The Presidency has fiercely debunked claims that Bola Tinubu President promised 24-hour electricity to all Nigerians during his 2023 campaign, labeling the allegations a “mischievous” misrepresentation of facts. In a sharp rebuttal issued on Monday, June 22, Special Adviser on Information and Strategy Bayo Onanuga clarified that Tinubu’s campaign remarks in Lagos targeted the eradication of arbitrary estimated billing rather than a guarantee of around-the-clock power. The statement came in direct response to opposition leader Peter Obi, who had cited power grid failures and economic hardship to demand the President’s immediate resignation.
Obi, the 2023 presidential candidate of the Nigeria Democratic Congress (NDC), argued that Tinubu should step down, drawing a parallel to Keir Starmer, British Prime Minister, who he claimed resigned due to citizen dissatisfaction. Obi specifically reminded voters of an alleged campaign trail vow where Tinubu supposedly told Nigerians not to re-elect him if he failed to deliver uninterrupted power.
Rejecting Obi’s narrative, Onanuga insisted that the President’s words were completely stripped of their original context.

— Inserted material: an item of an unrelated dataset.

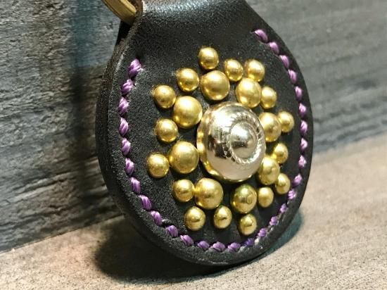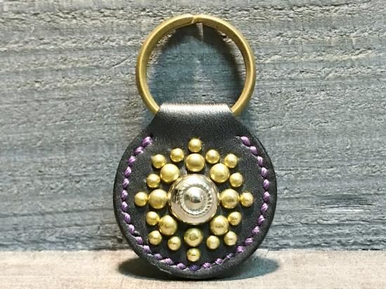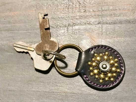 スタッズもくすみ、味わいの出るキーホルダーです。

He explained that Tinubu’s 2023 campaign speech in Lagos was explicitly focused on relieving consumers from the financial burden of unmetered, estimated billing.
According to Onanuga, the exact quote from the campaign was:
“Whichever way, by all means necessary, you will have electricity, and you will not pay for estimated bills anymore. A promise made will be a promise kept. If I don’t keep the promise and I come for a second term, don’t vote for me unless I give you adequate reasons why I couldn’t deliver.”
The presidential aide emphasised that rewriting the speech to mean a guarantee of nationwide 24-hour electricity was a deliberate attempt by the opposition to mislead the public.
To defend the administration’s actual performance against the opposition’s criticisms, Onanuga highlighted key structural milestones achieved by the Tinubu government to fix the energy sector.
He noted that the administration has already signed the Electricity Act, which de-centralizes electricity regulation and allows states and private entities to generate and distribute their own power.
The government has also expanded prepaid meter deployment across the country to aggressively combat the very estimated billing system Tinubu campaigned against, while investing heavily in alternative power sources to diversify the national energy mix and improve long-term grid reliability.